The eight categories can really be summed up into three major headings: VoIP Technology Summary, Business Justification, and Deployment Considerations. The “VoIP Basics” or technology summary provides the necessary background information on the PSTN and legacy PBX’s in order to present the context for understanding how VoIP is a change in voice technology. This section is brief, and Walker and Hicks end with a general overview of data technology and how you converge old voice technology into it, discussing signaling, transport protocols, codes, and the hardware necessary to make everything work. In terms of the business case for VoIP, the authors present three major cost savings opportunities: toll cost savings, simple network savings, and productivity savings. These areas are commonly talked about and should not be a surprise to the reader; the value here is that the book enables the reader to talk intelligently about the cost savings areas to a business audience. From here, Walker and Hicks cover how to project the ROI, how to make sure you have the data to back up your projections, and what associated costs should be considered before starting the project (e.g., is it cheaper to outsource?). Lastly, the authors spend time discussing both the pre and post implementation requirements and implications of running VoIP, spending less time on the technical details and more time on the big picture of implementing such a technology: Considering the quality requirements (i.e., QoS), integrating VoIP into a network management structure, establishing SLAs with the customer, and securing the technology.

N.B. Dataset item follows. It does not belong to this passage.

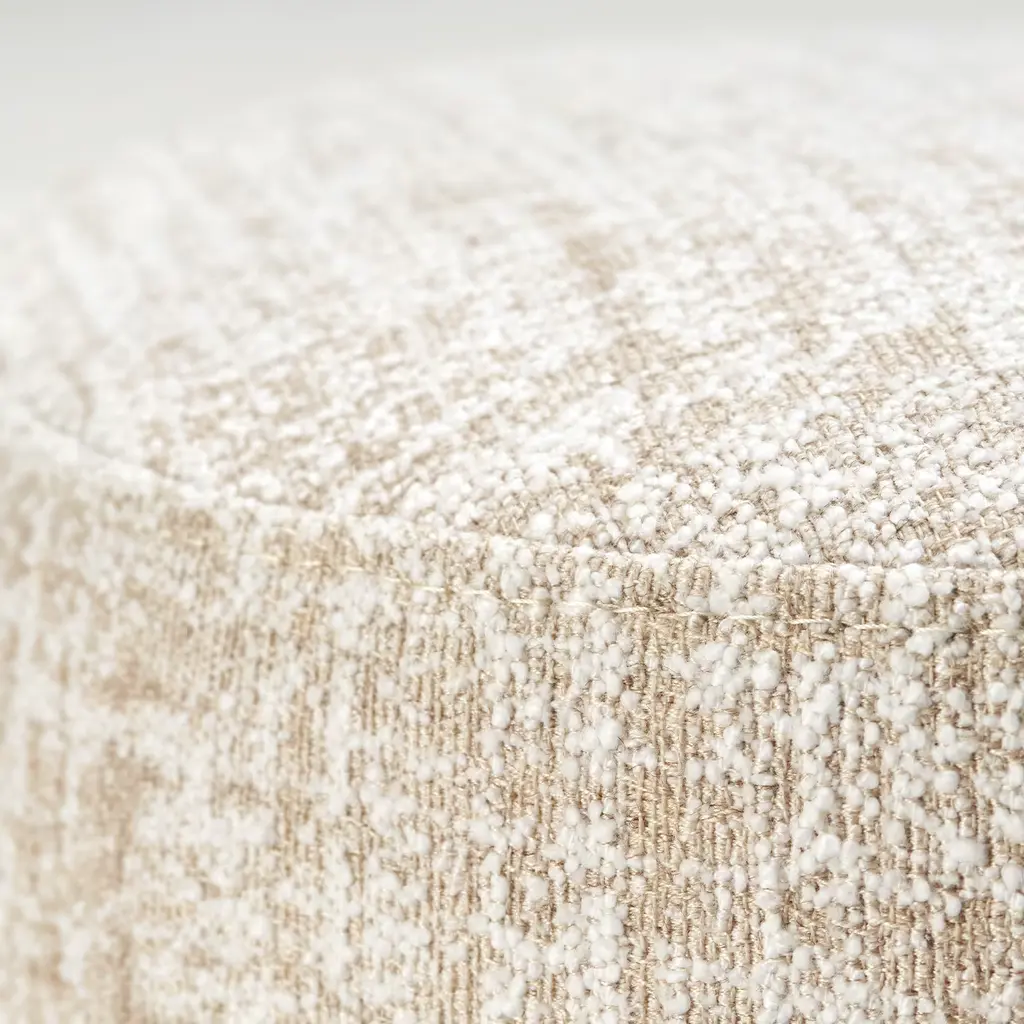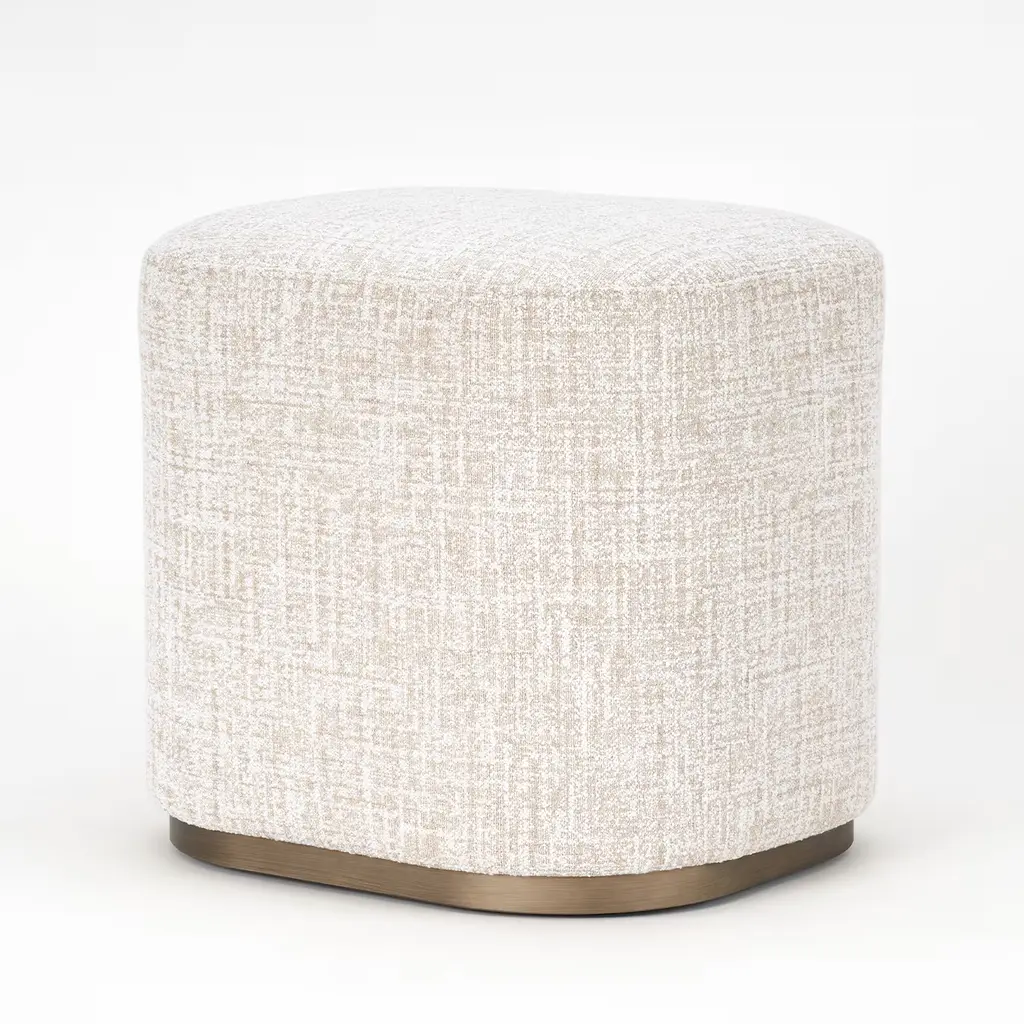 A square exquisite and classy pouf, Ciro comprises a wooden structure and a wooden base with a brushed brass finish. Upholstered with a high-end fabric that belongs to Éléments Terre Collection by Métaphores: a false plain bouclé that makes a subtle statement. The muted, mineral-based colorways and soft, nubby effect endow it with an easy elegance. Please ask the Concierge for available customization options.
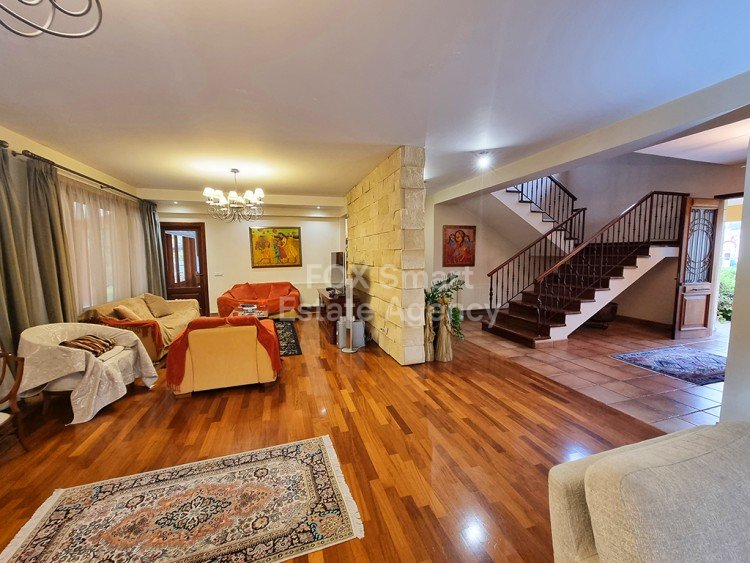 Beautifully house located in a quite neighborhood opposite a green Park in dead- end street in Platy Aglanzias.With easy access to the city center and at the same time to the highway. It is situated close to all amenities.This luxury home features plenty of amusement areas with big windows that make it very bright.covered areas are 388 sq.m plus 50 sq.m covered veranda. The plot is 570 sq.m surrounded with trees and grass.The ground floor living space features with wooden parquet flooring, spac...

Overall, the book provides a good, but broad treatment of how to present a case for VoIP and then deploy it. The irony of the book is that the readers who can best utilize the information will probably be the ones that find the book a little boring. For example, experienced managers will take away the unique points of implementing VoIP and recognize how it can fit in a realistic way for their particular environment. On the flip side, the knowledgeable network technician will similarly be able to see the nuances of VoIP that the book presents and understand the implications for the existing network. To both audiences, the pre-existing experience and knowledge may cause them to find the book too basic, although the lessons learned will most likely be valuable to them. To the less experienced readers (technical or managerial), the book is a great starting point and will most likely engage them more, but without additional references or resources (e.g., basic project management skills, understanding business budgeting cycles, etc.), the information learned may be just enough to make them dangerous.
Taking Charge of Your VoIP Project is a great resource for its intended audience of decision makers and project managers. It is not necessarily meant for the technical person doing the implementing, although the information is beneficial as it ties the technical to the practical.